November 2008
Dilip Jeste, M.D.
1) Although our work group is now called “Neurocognitive Disorders,” this is not official terminology for the DSM-V or the ICD-11. Such name changes, along with their implications, will need to be considered for these publications. Currently, the DSM-IV-TR chapter is entitled, “Delirium, Dementia, and Amnestic and Other Cognitive Disorders” and the ICD-10 heading is “Organic, including Symptomatic Mental Disorders”.
2) The disorders examined by this group will be those that are ‘acquired’ - i.e., there is evidence of decline from a previous level of neurocognitive function (reported by patient, significant other, evidence from longitudinal data, or based on cross-sectional assessment of prior function). Developmental neurocognitive disorders will be covered by a separate work group. Cognitive dysfunction is a feature of a number of mental disorders (e.g., schizophrenia, depression, OCD, etc.), but is not the most prominent or the defining feature, and is not ‘necessary’ for these diagnoses.
3) For our deliberations, we have broadly divided the neurocognitive disorders into Delirium (with alteration in consciousness) and disorders with unimpaired level of consciousness. The disorders in the second group have seen notable scientific progress during the past 15 years, with implications for revisions in DSM-V.

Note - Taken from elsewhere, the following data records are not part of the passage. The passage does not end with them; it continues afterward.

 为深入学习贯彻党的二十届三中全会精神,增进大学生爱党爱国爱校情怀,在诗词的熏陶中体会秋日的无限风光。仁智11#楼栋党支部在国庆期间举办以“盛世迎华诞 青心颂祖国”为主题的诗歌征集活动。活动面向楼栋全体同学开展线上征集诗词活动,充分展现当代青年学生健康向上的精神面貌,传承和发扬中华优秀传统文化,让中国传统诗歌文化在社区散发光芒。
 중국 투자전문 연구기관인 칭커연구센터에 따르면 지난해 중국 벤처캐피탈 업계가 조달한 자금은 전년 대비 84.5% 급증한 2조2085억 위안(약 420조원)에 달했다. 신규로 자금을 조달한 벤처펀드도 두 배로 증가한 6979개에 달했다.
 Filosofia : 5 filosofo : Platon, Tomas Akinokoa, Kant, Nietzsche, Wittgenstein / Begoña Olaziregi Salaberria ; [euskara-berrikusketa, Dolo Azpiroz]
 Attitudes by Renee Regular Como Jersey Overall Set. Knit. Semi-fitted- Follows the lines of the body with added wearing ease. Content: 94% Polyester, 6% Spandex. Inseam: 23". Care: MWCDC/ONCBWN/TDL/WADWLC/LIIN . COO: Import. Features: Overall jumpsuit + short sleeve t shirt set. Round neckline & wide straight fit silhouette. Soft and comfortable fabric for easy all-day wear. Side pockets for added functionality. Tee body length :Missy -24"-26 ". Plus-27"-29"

4) The work group is considering the roles of both functional and neurocognitive impairments in the disorders without altered level of consciousness. This may be a basis for defining and distinguishing two broad categories of minor neurocognitive disorder (often called Mild Cognitive Impairment or MCI) and major neurocognitive disorder or Dementia.
Issues Being Discussed
1) Should the severity of impairment for diagnosing and differentiating minor from major neurocognitive disorders be based on neuropsychological tests and/or functional impairment?

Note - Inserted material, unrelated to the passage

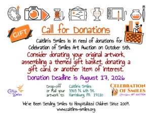 Calling all artists and donors! Donations of artwork, gift cards, and other items of interest are now being accepted for the Celebration of Smiles Art Auction. Your donation will be placed in our silent auction for bidding, and all proceeds go to help provide arts & crafts outreach to children in medical facilities.
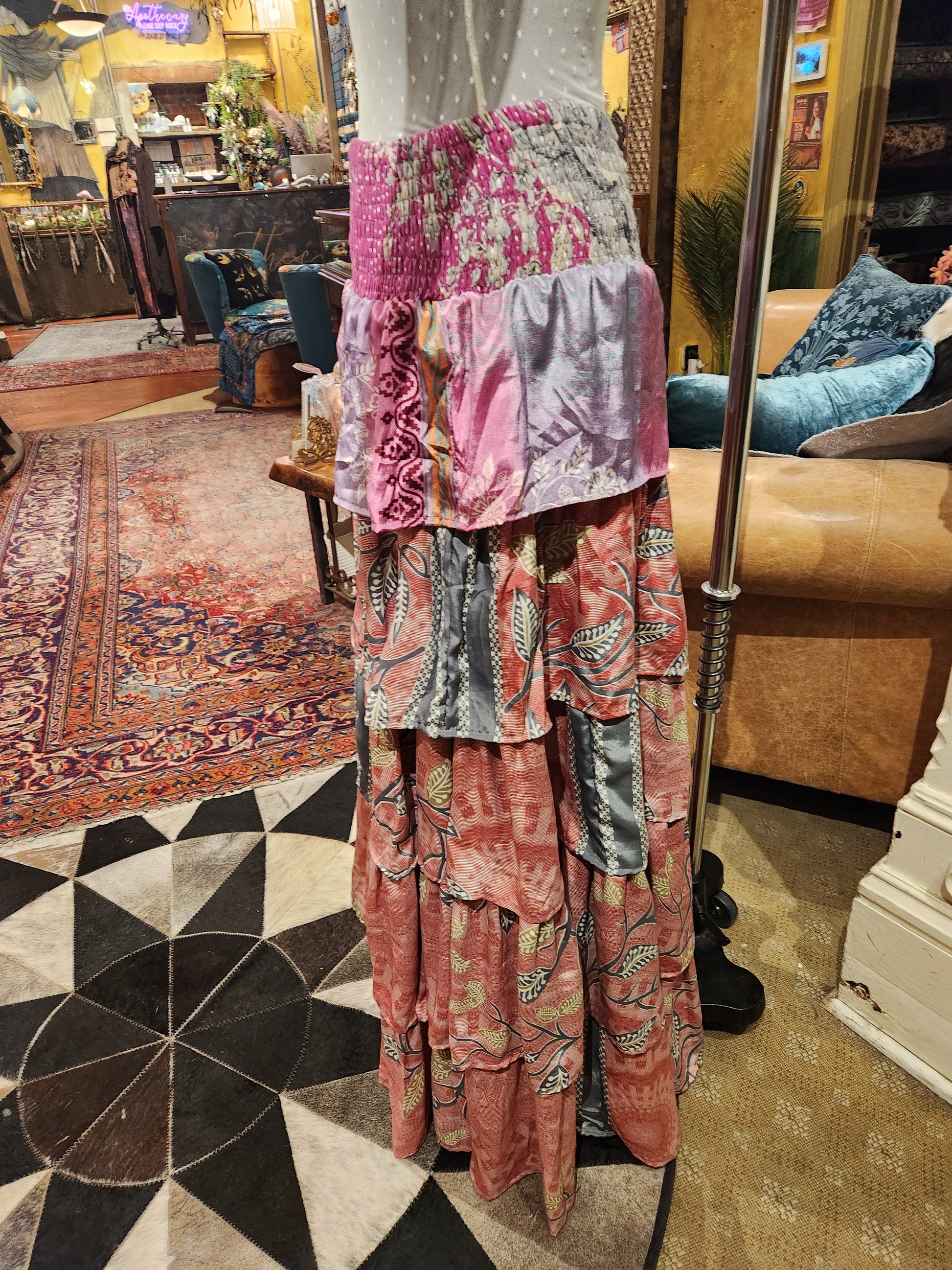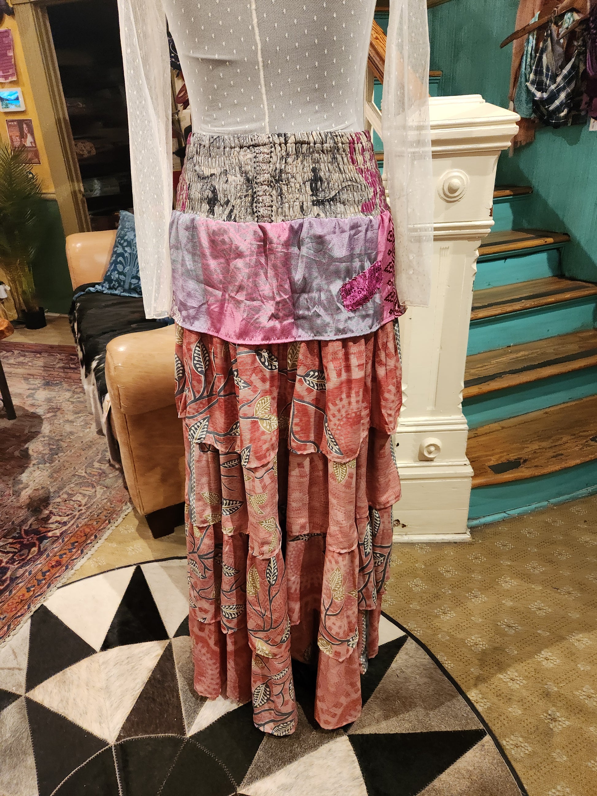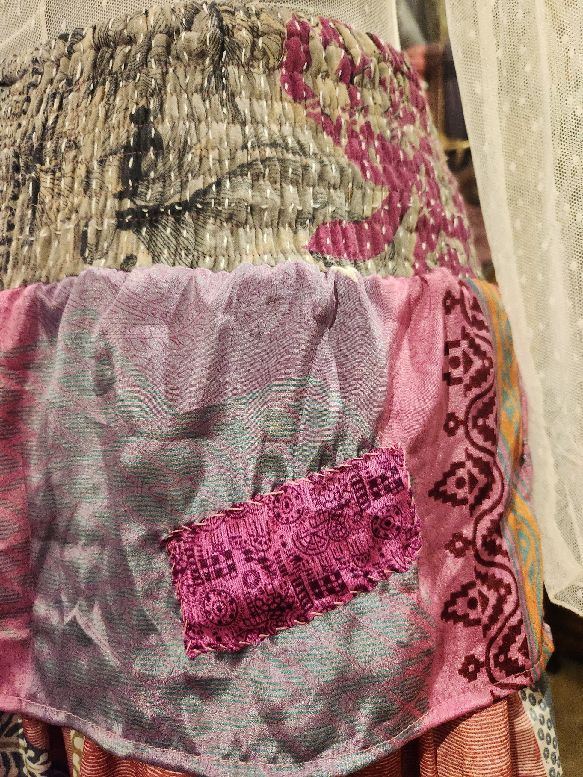Fabrics may have small threads or holes in the layers. Color inconsistency or small stains may be present. The saris are sewn together and extend the life of each design. Imperfections should be celebrated.

2) Which neurocognitive domains should be included for this purpose (e.g., Memory – verbal/non-verbal, Attention/working memory, Language, etc.), and what tests would be optimal for assessing them?
3) Could the necessary neurocognitive impairment be in only one, as opposed to multiple, domains for diagnosing minor or major neurocognitive disorders, and must it involve memory?
4) How should the cut-offs to be used for minor versus major neurocognitive disturbance be developed and operationalized?
5) How can functional impairment be reliably measured to make a diagnosis of Neurocognitive Disorder, and to differentiate minor versus major Disorder?
6) What other specifiers should be used to better define the clinical condition in a given patient – e.g., Course (transient, remitting, persistent but stable, persistent and worsening, persistent with fluctuations), Age of onset (<65, ≥65), Associated behavioral disturbances (e.g., psychosis, depression, agitation), etc.?
Plans for Further Work
1) Literature reviews
2) Assessing secondary data analysis results, including existing longitudinal data sets.
3) Preparing draft criteria that can then lead to field tests or additional data analysis to support revision options.
4) Field testing of neurocognitive and functional measures.